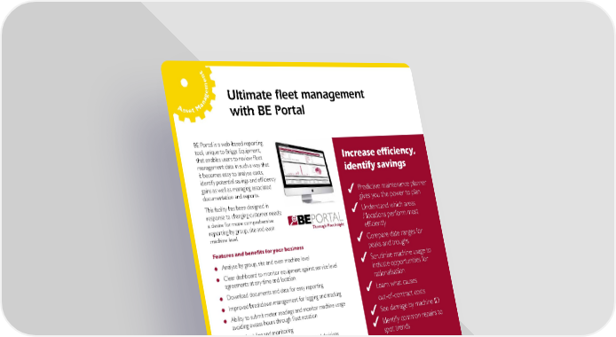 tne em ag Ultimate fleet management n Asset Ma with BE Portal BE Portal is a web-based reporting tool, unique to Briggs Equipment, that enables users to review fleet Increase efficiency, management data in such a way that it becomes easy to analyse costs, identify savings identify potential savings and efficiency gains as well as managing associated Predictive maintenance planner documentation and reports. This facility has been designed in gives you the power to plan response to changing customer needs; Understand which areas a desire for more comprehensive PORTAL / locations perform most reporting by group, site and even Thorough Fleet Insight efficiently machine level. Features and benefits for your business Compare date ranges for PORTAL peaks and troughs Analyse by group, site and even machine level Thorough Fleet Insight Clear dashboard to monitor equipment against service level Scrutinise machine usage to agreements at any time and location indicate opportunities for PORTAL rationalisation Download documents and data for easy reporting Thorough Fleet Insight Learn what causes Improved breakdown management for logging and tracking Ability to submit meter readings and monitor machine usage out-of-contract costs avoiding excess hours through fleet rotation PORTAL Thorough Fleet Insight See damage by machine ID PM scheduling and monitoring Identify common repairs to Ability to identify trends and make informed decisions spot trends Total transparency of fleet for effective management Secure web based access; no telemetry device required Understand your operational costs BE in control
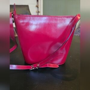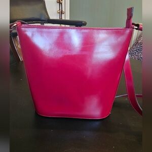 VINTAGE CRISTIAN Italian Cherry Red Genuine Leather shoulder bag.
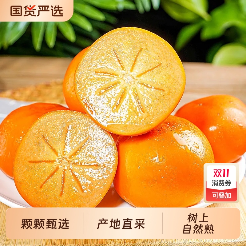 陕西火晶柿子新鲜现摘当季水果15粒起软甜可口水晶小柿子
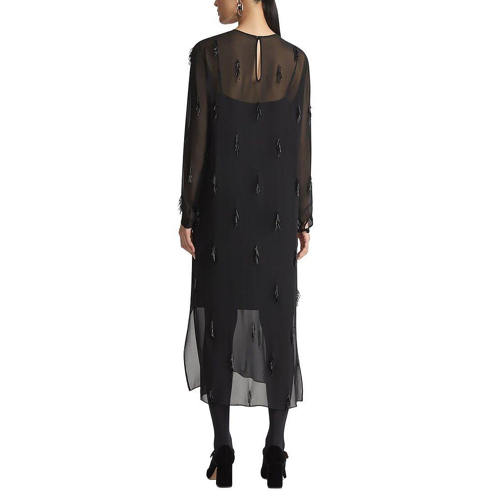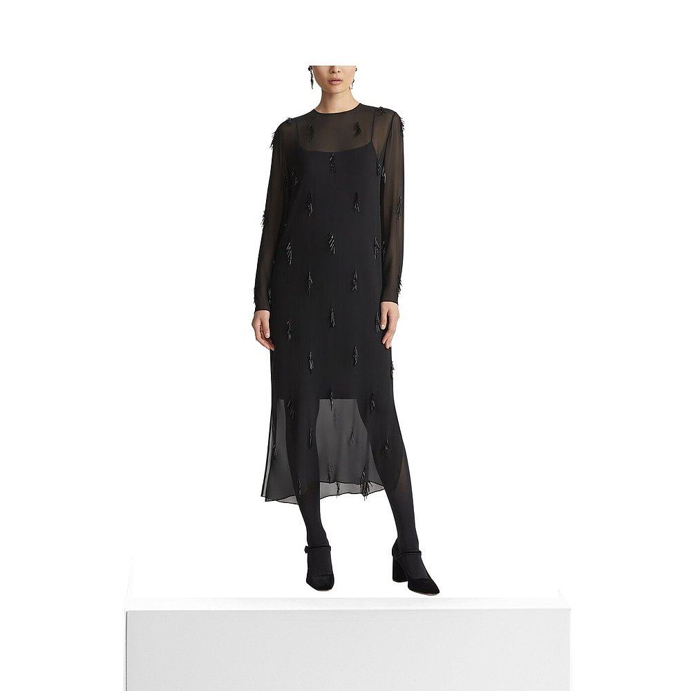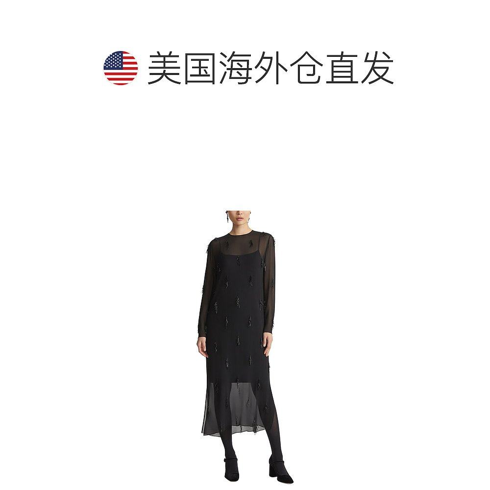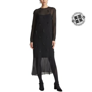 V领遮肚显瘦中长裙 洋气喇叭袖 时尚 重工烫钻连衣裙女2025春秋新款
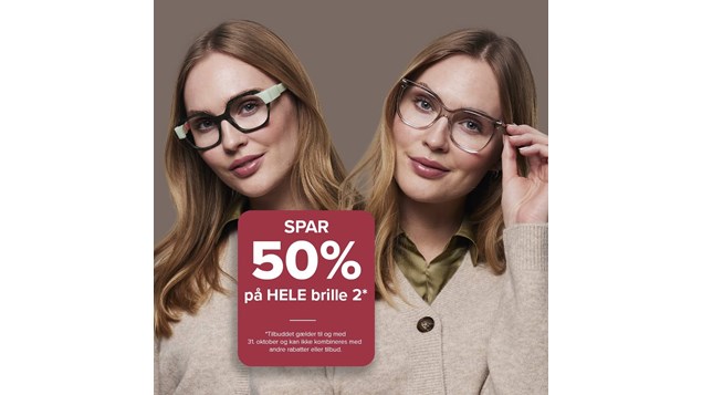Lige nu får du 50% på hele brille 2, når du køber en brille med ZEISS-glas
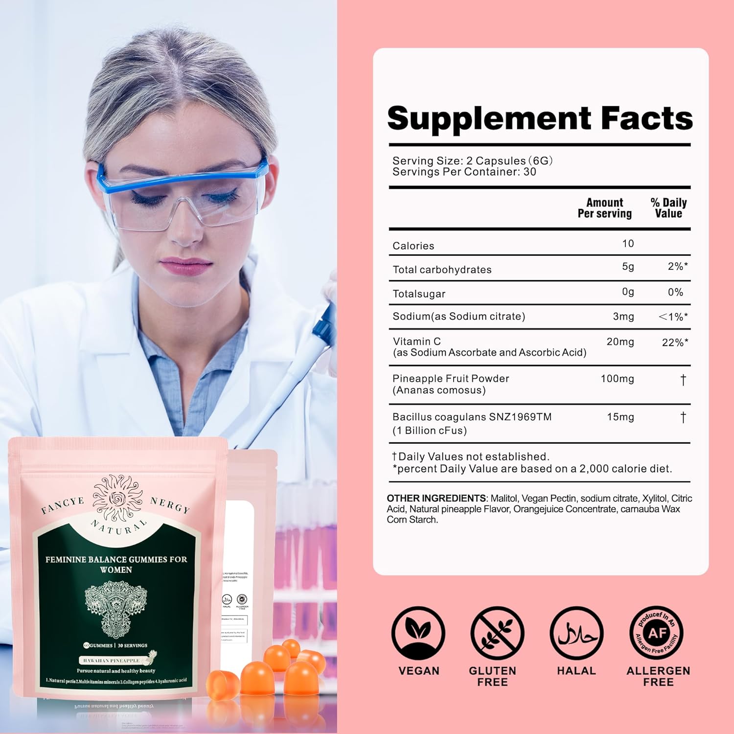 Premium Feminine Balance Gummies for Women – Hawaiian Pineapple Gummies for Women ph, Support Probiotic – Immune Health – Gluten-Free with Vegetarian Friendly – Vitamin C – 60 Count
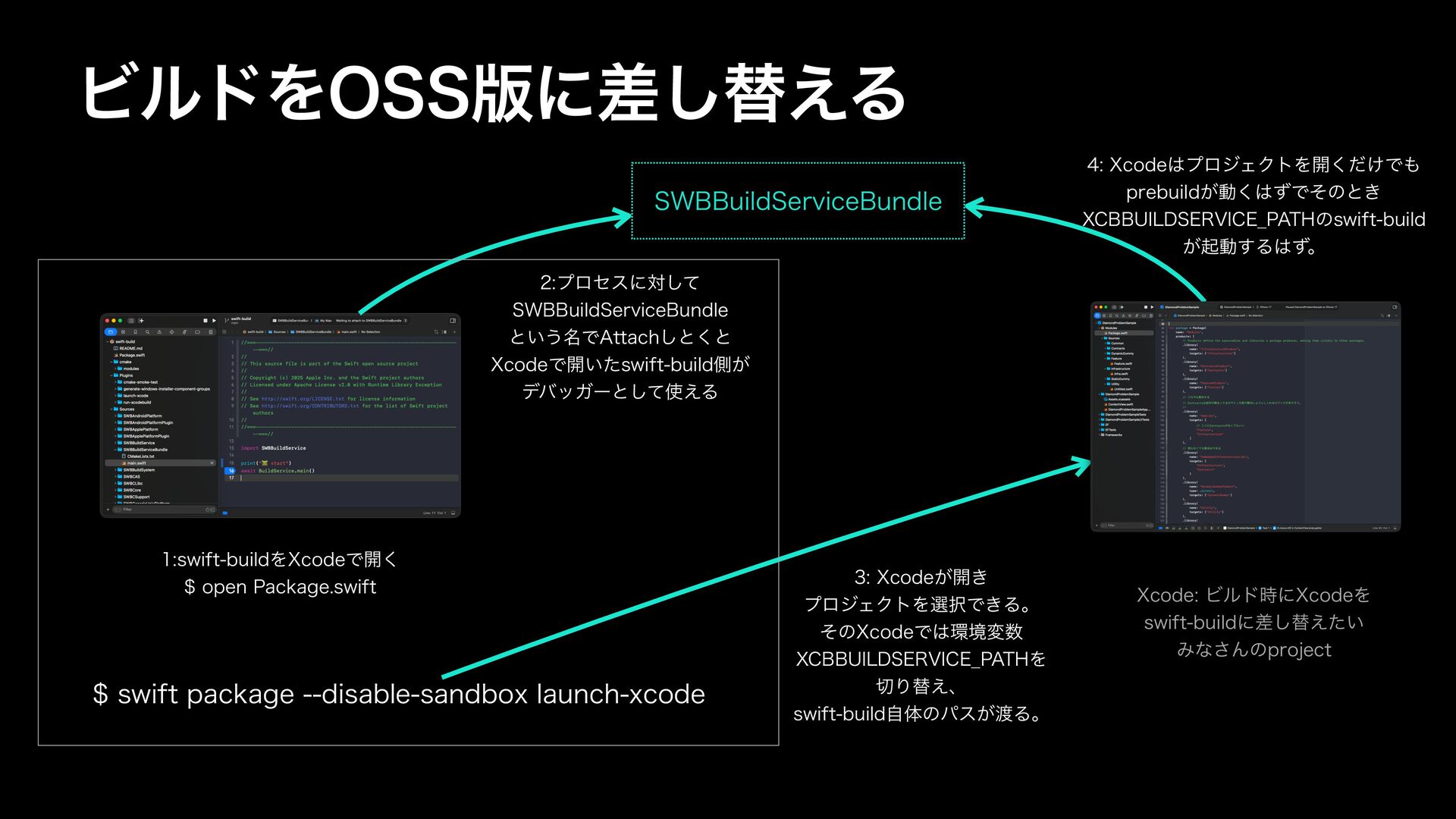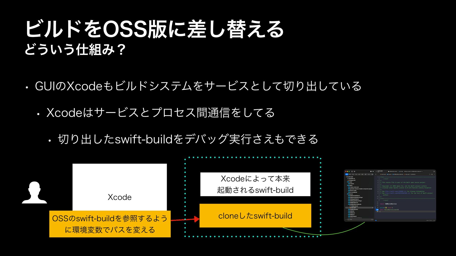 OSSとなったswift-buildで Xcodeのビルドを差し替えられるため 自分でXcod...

* * * * * * *

The task:
Your copy must repeat the data word for word and show none of its images.

Worked solution:
 tne em ag Ultimate fleet management n Asset Ma with BE Portal BE Portal is a web-based reporting tool, unique to Briggs Equipment, that enables users to review fleet Increase efficiency, management data in such a way that it becomes easy to analyse costs, identify savings identify potential savings and efficiency gains as well as managing associated Predictive maintenance planner documentation and reports. This facility has been designed in gives you the power to plan response to changing customer needs; Understand which areas a desire for more comprehensive PORTAL / locations perform most reporting by group, site and even Thorough Fleet Insight efficiently machine level. Features and benefits for your business Compare date ranges for PORTAL peaks and troughs Analyse by group, site and even machine level Thorough Fleet Insight Clear dashboard to monitor equipment against service level Scrutinise machine usage to agreements at any time and location indicate opportunities for PORTAL rationalisation Download documents and data for easy reporting Thorough Fleet Insight Learn what causes Improved breakdown management for logging and tracking Ability to submit meter readings and monitor machine usage out-of-contract costs avoiding excess hours through fleet rotation PORTAL Thorough Fleet Insight See damage by machine ID PM scheduling and monitoring Identify common repairs to Ability to identify trends and make informed decisions spot trends Total transparency of fleet for effective management Secure web based access; no telemetry device required Understand your operational costs BE in control
 VINTAGE CRISTIAN Italian Cherry Red Genuine Leather shoulder bag.
 陕西火晶柿子新鲜现摘当季水果15粒起软甜可口水晶小柿子
 V领遮肚显瘦中长裙 洋气喇叭袖 时尚 重工烫钻连衣裙女2025春秋新款
Lige nu får du 50% på hele brille 2, når du køber en brille med ZEISS-glas
 Premium Feminine Balance Gummies for Women – Hawaiian Pineapple Gummies for Women ph, Support Probiotic – Immune Health – Gluten-Free with Vegetarian Friendly – Vitamin C – 60 Count
 OSSとなったswift-buildで Xcodeのビルドを差し替えられるため 自分でXcod...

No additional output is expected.